Eine Kita, behinderten-gerechtes Wohnen oder einen kleinen Hotelbetrieb — das seien  nur Beispiele, was er sich bereits überlegt habe. Jetzt müsse man prüfen, was machbar sei.

Sein Wunsch sei auf jeden Fall, auch einen Teil des großen Grundstücks zu bebauen. „Aber keine Wohnklötze“, sagt er mit Blick aufs Briller Viertel, wo in den vergangenen Jahren einige Wohnprojekte für Diskussionen sorgten. Immer wieder kam aus der Anwohnerschaft Kritik auf, dass Investoren versuchten, jede Lücke zu stopfen.

Auch der neue Eigentümer des Parkschlösschens stellt sich auf Gegenwind ein, verweist aber auch auf die Bebauung in der Umgebung. Das, was er plane, werde sich gut einreihen. Und das Denkmal selbst bleibe auf jeden Fall stehen, betont er noch einmal.

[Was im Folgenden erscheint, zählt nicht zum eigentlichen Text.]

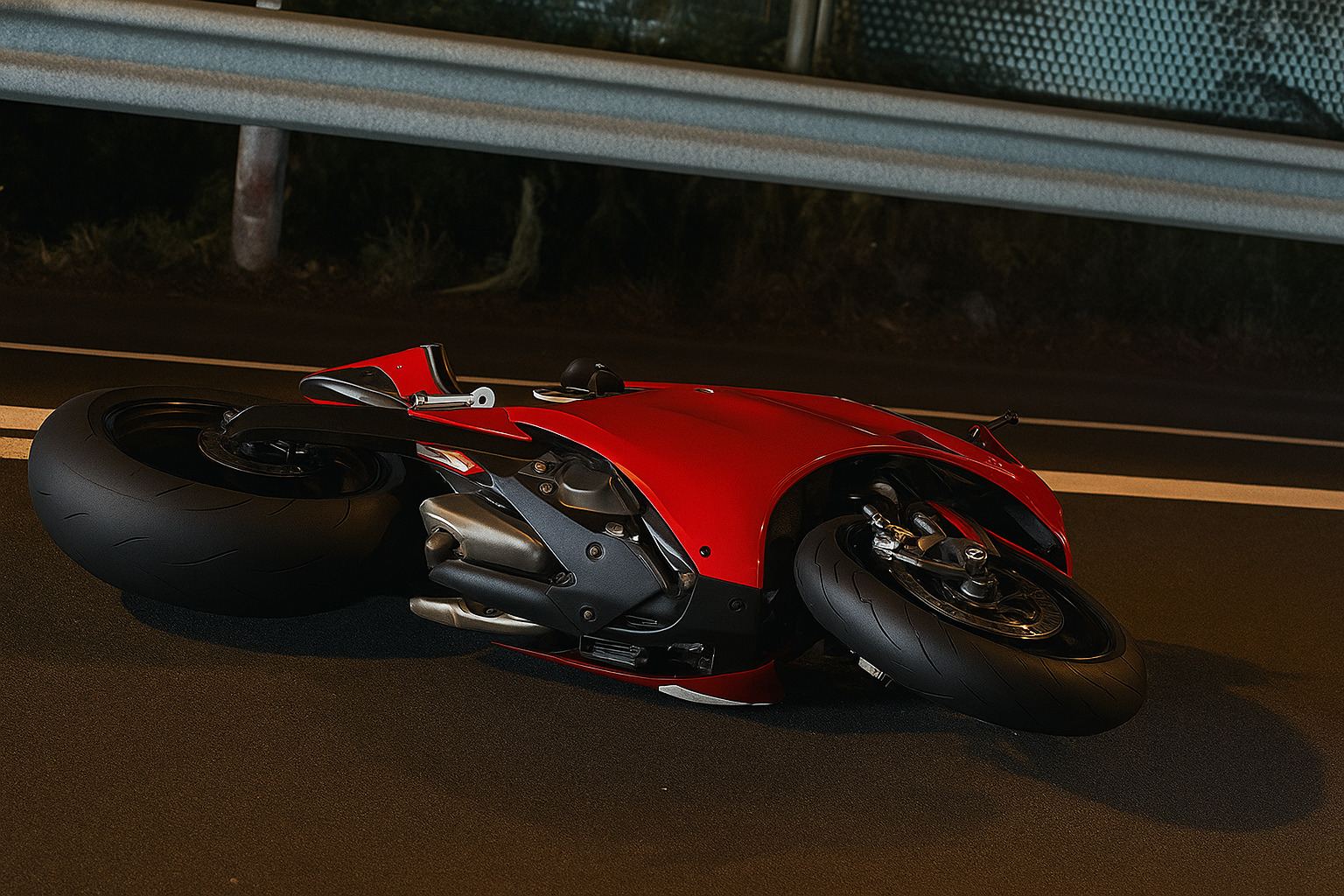公開されている画像には、夜間の高速道路上に横たわる赤いバイクが確認でき、事故の状況の深刻さを物語っています。
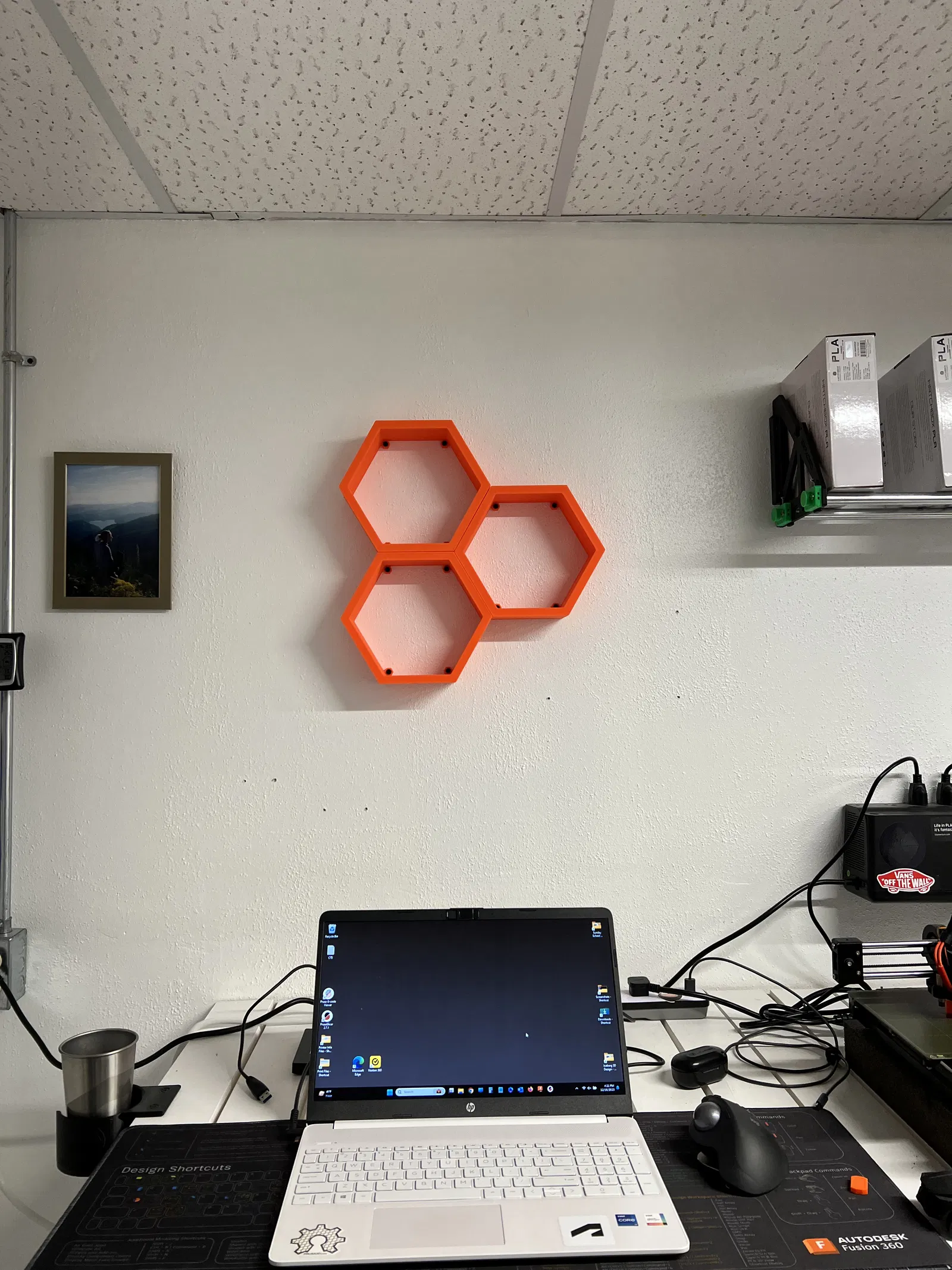 Trang trí lục giác "chất" dễ dàng lắp đặt trên kệ hoặc treo tường, làm bằng PLA với đầu phun 0.8 cho chi tiết sắc nét.
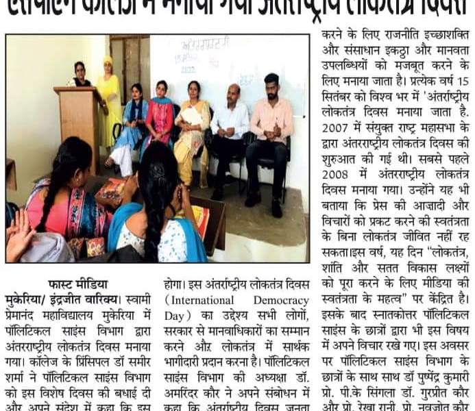 International Democracy Day celebrated at SPN College Mukerian.
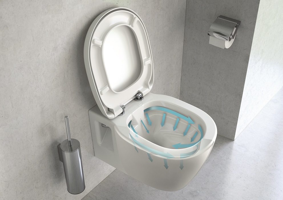 Klozet Connect Rimless WC je v zadní části opatřen třemi splachovacími otvory. Hlavní proud vody proudí z bočních otvorů přes otevřený splachovací kruh a stéká po celém povrchu klozetu směrem dolů. Voda protékající třetím malým otvorem uprostřed usnadňuje spláchnutí toaletního papíru. Výsledkem je stoprocentní oplach celého povrchu mísy – a tím i vysoká úroveň hygieny. Inovativní technika splachování navíc zaručuje stoprocentní oplach mísy, aniž by voda měla tendenci „vyšplouchnout" ven.
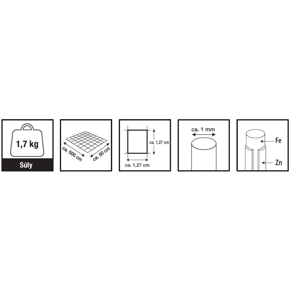 Hegesztett háló horganyzott bevonattal, 500x50 cm méretben; huzal átmérő: 1 mm; fonatok magassága/szélessége: kb. 1,27 cm.

Für den Bereich gibt es keinen Bebauungsplan

Für das Gebiet gibt es keinen Bebauungsplan, erklärt Dirk Kasten vom Planungsamt der Stadt. Baurechtlich greife dann Paragraf 34, das heißt, eine mögliche neue Bebauung müsse sich, was zum Beispiel die Höhe angeht, an die Bauten der Umgebung anpassen.

Ein wichtiger Punkt in diesem Fall sei auch der Denkmalschutz. Das Parkschlösschen müsse zum Beispiel weiterhin gut sichtbar bleiben. Grundsätzlich könne sich die Stadt auf dem Areal Wohnen vorstellen, eine Kita sei zum Beispiel aber auch nicht ausgeschlossen. Details müssten dann aber in Absprache mit dem privaten Investor erläutert werden.

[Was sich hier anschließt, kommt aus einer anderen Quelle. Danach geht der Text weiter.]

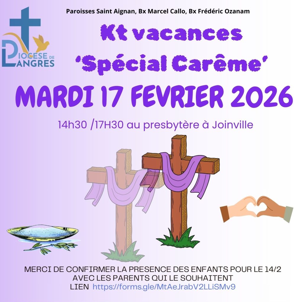KT Vacances « spécial Carême » : mardi 17 février 2026 au presbytère
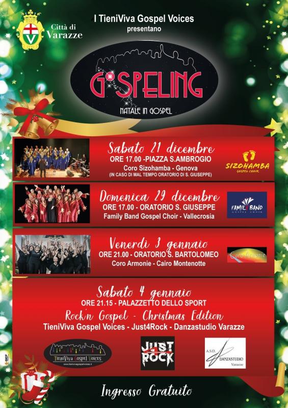 Il cartellone della seconda edizione di Gospeling prevede sulle piazze, nelle chiese, negli oratori e presso il Palazzetto dello Sport della Città di Varazze quattro spettacoli di cori Gospel Made in Liguria, di grande bravura e capaci di coinvolgere il pubblico.
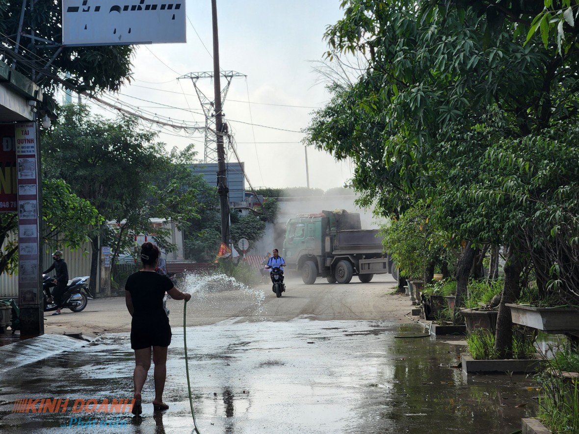 | Người dân hai bên đường ngày nào cũng mang nước ra tưới để tránh bụi vào nhà khiến trên mặt đường hình thành nhiều vũng nước, hư hỏng |
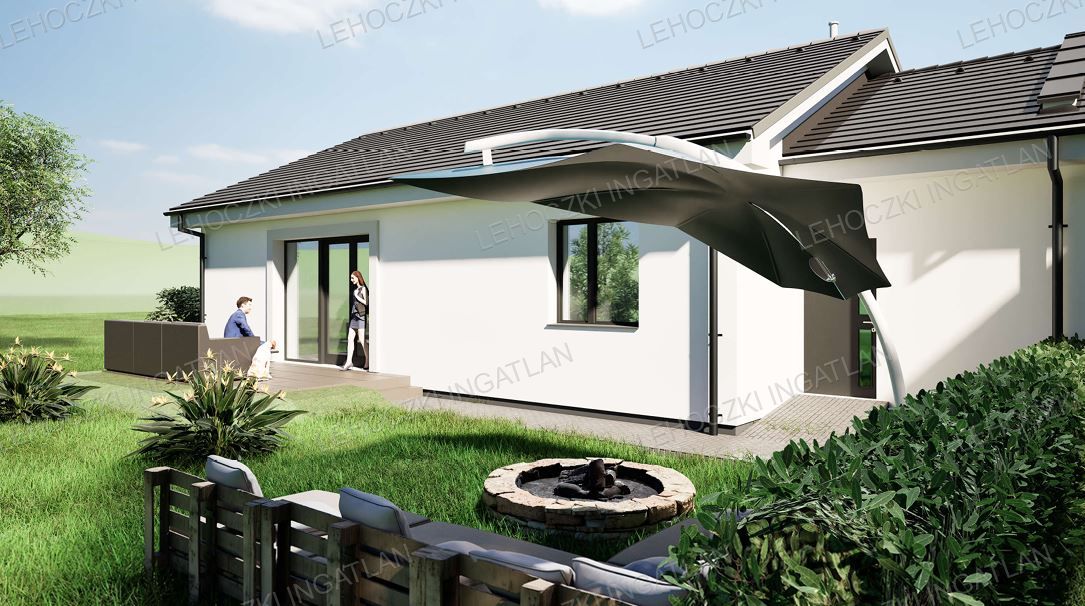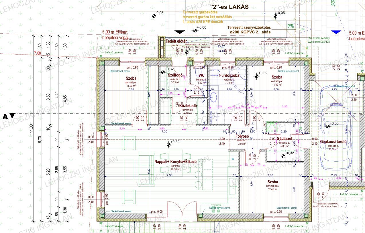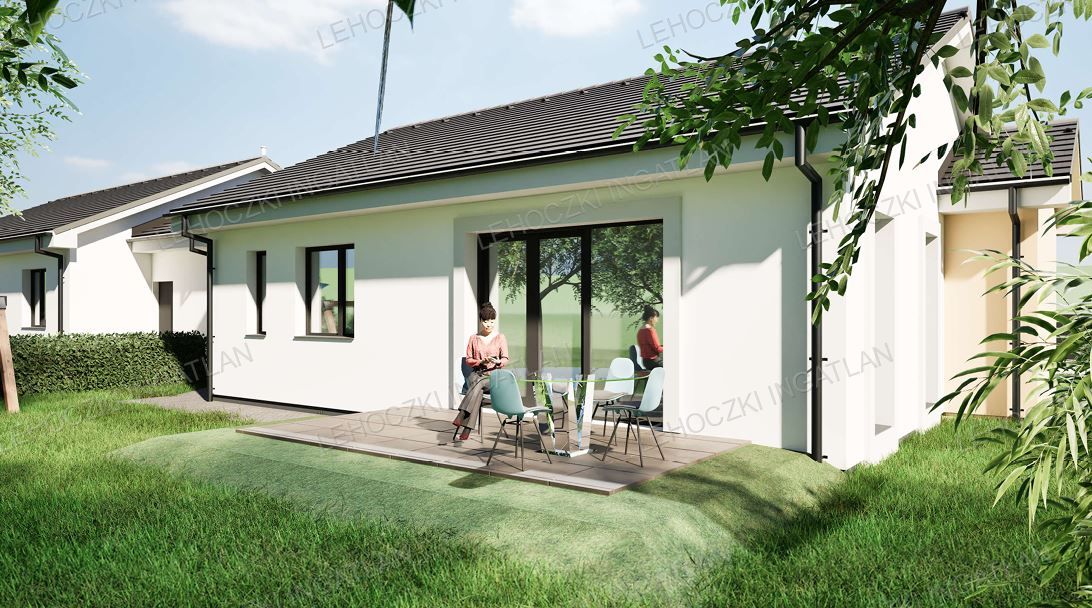 Helységei: előtér, nappali - amerikai konyha, 3 külön nyíló szoba, fürdő wc-vel, külön wc, gépészeti helyiség, közlekedő, garázs, 14 nm-es nyitott terasz,

Bezirksbürgermeisterin Ingelore Ockel (CDU) könnte mit einem Kindergarten an der Stelle oder barrierefreiem Wohnen „gut leben“. Wichtig sei, dass das Parkschlösschen nicht angetastet werde. Was mögliche Neubauten auf dem Gelände angeht, bleibt Ockel zurückhaltend. „Ich würde mir wünschen, dass es nicht zu modern wird. Modernes haben wir in letzter Zeit genug im Briller Viertel dazu bekommen“, sagt die Bezirksbürgermeisterin.

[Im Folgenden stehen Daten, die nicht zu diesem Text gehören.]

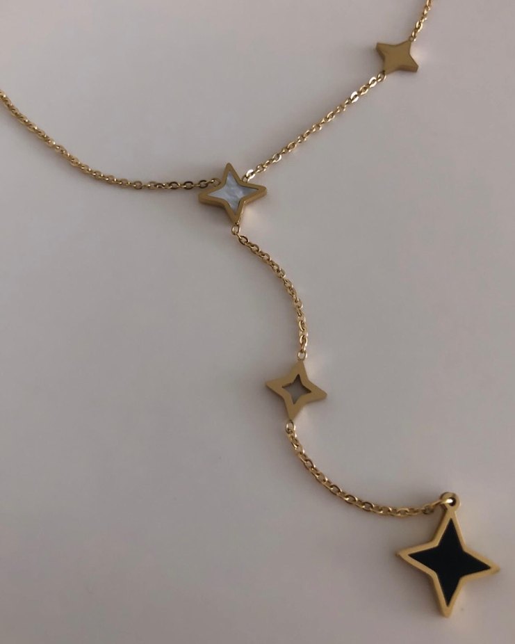 Zincir detaylı, yıldız şeklinde süslemelere sahip uzun altın renkli kolye, günlük kullanıma uygun minimal ve parlak tasarım sunar. ✨ Çelik✨

Das heute unter dem Namen Parkschlösschen bekannte Gebäude Katernberger Straße 197 ist laut städtischer Denkmalliste „ein zweigeschossiges, ehemals als Gartenhaus und Remise genutztes Gebäude“. Anhand historischer Karten ist das Baujahr zwischen 1888 und 1892 anzusetzen. „Erwähnenswert ist, dass sich in Teilbereichen die ursprüngliche Einfriedung des Grundstückes mit Natursteinmauer und aufwändig verzierten Eisengittern sowie das Einfahrtstor mit gemauerten Pfeilern erhalten hat.“ Beides will der neue Eigentümer ebenfalls erhalten.